**What the exercise asks**. In the answer, transcribe exactly the lines from the beginning of the material through the line holding "こどもはっちが担当しているい", and skip every picture.
+++++
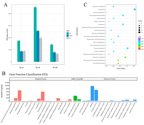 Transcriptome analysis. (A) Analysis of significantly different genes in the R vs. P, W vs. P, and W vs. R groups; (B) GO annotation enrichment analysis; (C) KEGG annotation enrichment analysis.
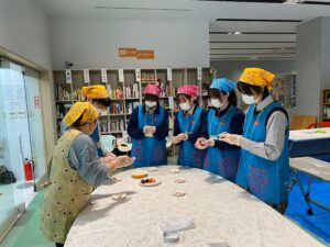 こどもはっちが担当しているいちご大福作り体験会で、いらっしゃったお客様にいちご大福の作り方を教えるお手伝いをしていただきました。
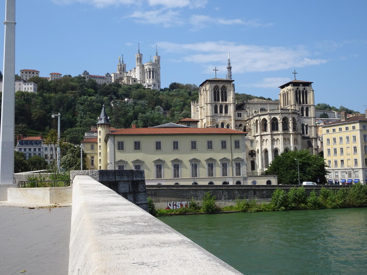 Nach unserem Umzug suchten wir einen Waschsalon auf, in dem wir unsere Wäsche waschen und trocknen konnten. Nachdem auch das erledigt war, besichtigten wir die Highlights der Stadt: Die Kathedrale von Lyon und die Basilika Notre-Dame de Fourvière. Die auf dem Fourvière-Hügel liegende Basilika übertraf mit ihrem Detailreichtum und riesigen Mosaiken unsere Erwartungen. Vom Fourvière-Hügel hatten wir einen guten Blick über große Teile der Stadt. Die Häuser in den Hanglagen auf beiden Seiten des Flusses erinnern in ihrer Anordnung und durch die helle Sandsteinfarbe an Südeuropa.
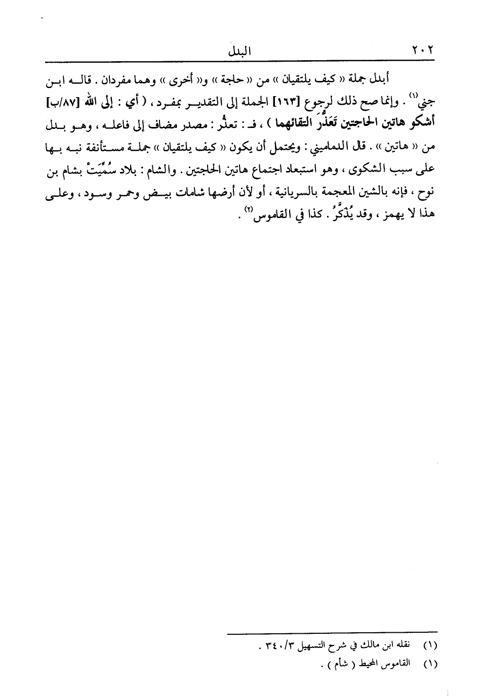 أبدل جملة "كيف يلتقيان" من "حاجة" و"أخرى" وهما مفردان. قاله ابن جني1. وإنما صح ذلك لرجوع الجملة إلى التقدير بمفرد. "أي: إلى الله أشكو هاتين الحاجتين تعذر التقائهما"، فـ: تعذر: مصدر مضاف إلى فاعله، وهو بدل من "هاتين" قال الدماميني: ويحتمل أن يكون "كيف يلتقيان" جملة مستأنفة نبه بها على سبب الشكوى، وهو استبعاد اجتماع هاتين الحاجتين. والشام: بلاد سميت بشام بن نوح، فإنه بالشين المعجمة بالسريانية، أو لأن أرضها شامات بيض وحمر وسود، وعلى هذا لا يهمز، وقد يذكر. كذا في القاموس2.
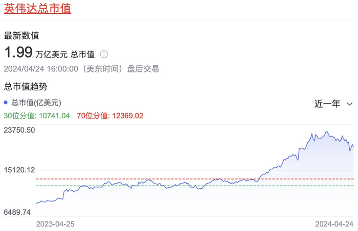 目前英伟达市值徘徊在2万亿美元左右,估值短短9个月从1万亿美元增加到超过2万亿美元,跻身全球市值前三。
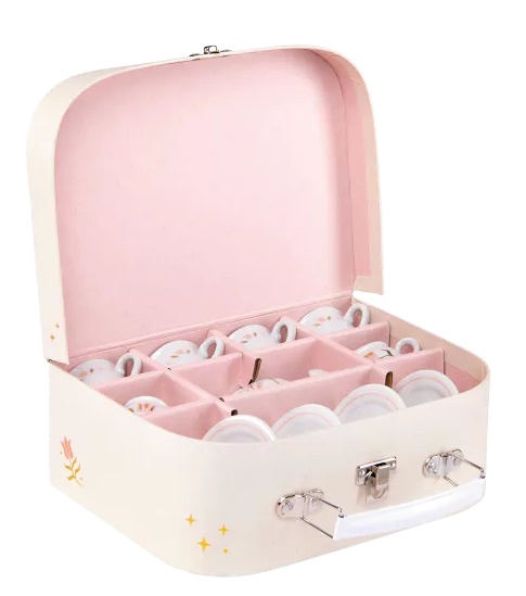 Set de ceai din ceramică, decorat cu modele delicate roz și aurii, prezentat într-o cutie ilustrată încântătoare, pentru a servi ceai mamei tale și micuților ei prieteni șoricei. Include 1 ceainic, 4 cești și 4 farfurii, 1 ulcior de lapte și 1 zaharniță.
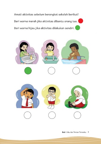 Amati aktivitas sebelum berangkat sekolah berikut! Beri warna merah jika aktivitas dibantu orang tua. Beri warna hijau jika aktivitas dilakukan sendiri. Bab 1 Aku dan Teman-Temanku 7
+++++
**Answer**.
 Transcriptome analysis. (A) Analysis of significantly different genes in the R vs. P, W vs. P, and W vs. R groups; (B) GO annotation enrichment analysis; (C) KEGG annotation enrichment analysis.
 こどもはっちが担当しているいちご大福作り体験会で、いらっしゃったお客様にいちご大福の作り方を教えるお手伝いをしていただきました。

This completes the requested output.